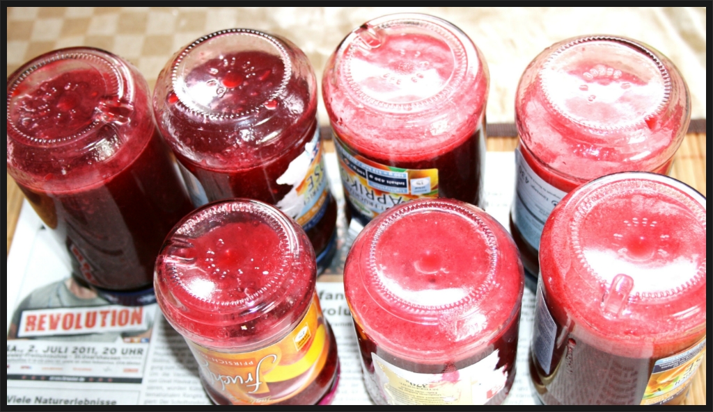 병에 넣은 잼을 뜨거울때 거꾸로 세워서 뚜껑까지 뜨겁게 밀봉이 되게하고 아래의 공기가 위로 올라와서 압축되게하면 2-3년까지도 잼을 먹으루 있습니다. 잼은 꼭 빵에 만 먹기 보담은 요꾸르트나 다른 후식 디저트에 조금씩 섞어서 설탕대신으로 사용하면 과일의 향내가 나므로 더욱 맛있는 음식이 됨니다.
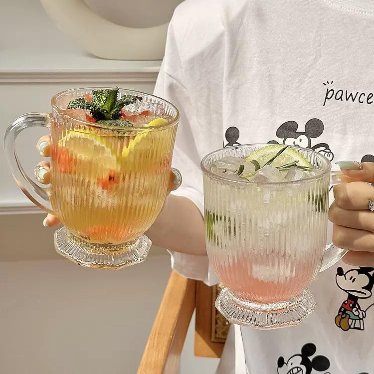 Clear Ribbed Glass Coffee Mugs Set of 4 with Spoon,16 Oz Large Glass Tea Cups with Handle Diner Latte Cups with Footed Base for Hot Beverages,Cappuccino & Espresso Cups, Stylish Drinkware
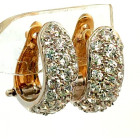 Par de aros media argollas con frente de pave de zafiros blancos.
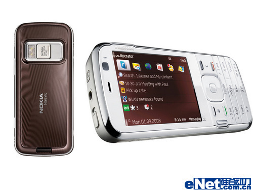 N82采用了一枚500万像索卡尔蔡司认证的摄像头,支持自动对焦,并配备了氙气闪光灯,最大支持2592x1944像素的照片拍摄以及VGA级别的视频录制,表现相当出色,基于Symbian9.2操作系统和S60第三版平台,配合300MHz级别的处理器,在影音娱乐以及商务应用时都能轻松解决。
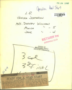Mrs. Venola Jefferson, left, coordinator for Operation Head Start in the Trinity Gardens area, signs the first applicants for the summer program administered by Aid to Culturally Deprived Children. Monica, 5, third from left, and Jane, 4, are daughters of Mrs. Dorothy Williams. Registration will continue from 8 a.m. to 5 p.m. Friday, Monday and Tuesday at 7313 Hirsch Road, 1252 Market Street Road, 2322 Nagle, 7709 Scott, 6633 West Montgomery, 2211 North Main, 1919 Runnels, 2411 Canal and 4401 Lovejoy. Operation Head Start, Houston, Texas. family.

☆ ☆ ☆

Only the lines from the one with "N82采用了一枚500万像索" through the final line of the data should be written out, exactly and including both ends. Skip the pictures.

 N82采用了一枚500万像索卡尔蔡司认证的摄像头,支持自动对焦,并配备了氙气闪光灯,最大支持2592x1944像素的照片拍摄以及VGA级别的视频录制,表现相当出色,基于Symbian9.2操作系统和S60第三版平台,配合300MHz级别的处理器,在影音娱乐以及商务应用时都能轻松解决。
Mrs. Venola Jefferson, left, coordinator for Operation Head Start in the Trinity Gardens area, signs the first applicants for the summer program administered by Aid to Culturally Deprived Children. Monica, 5, third from left, and Jane, 4, are daughters of Mrs. Dorothy Williams. Registration will continue from 8 a.m. to 5 p.m. Friday, Monday and Tuesday at 7313 Hirsch Road, 1252 Market Street Road, 2322 Nagle, 7709 Scott, 6633 West Montgomery, 2211 North Main, 1919 Runnels, 2411 Canal and 4401 Lovejoy. Operation Head Start, Houston, Texas. family.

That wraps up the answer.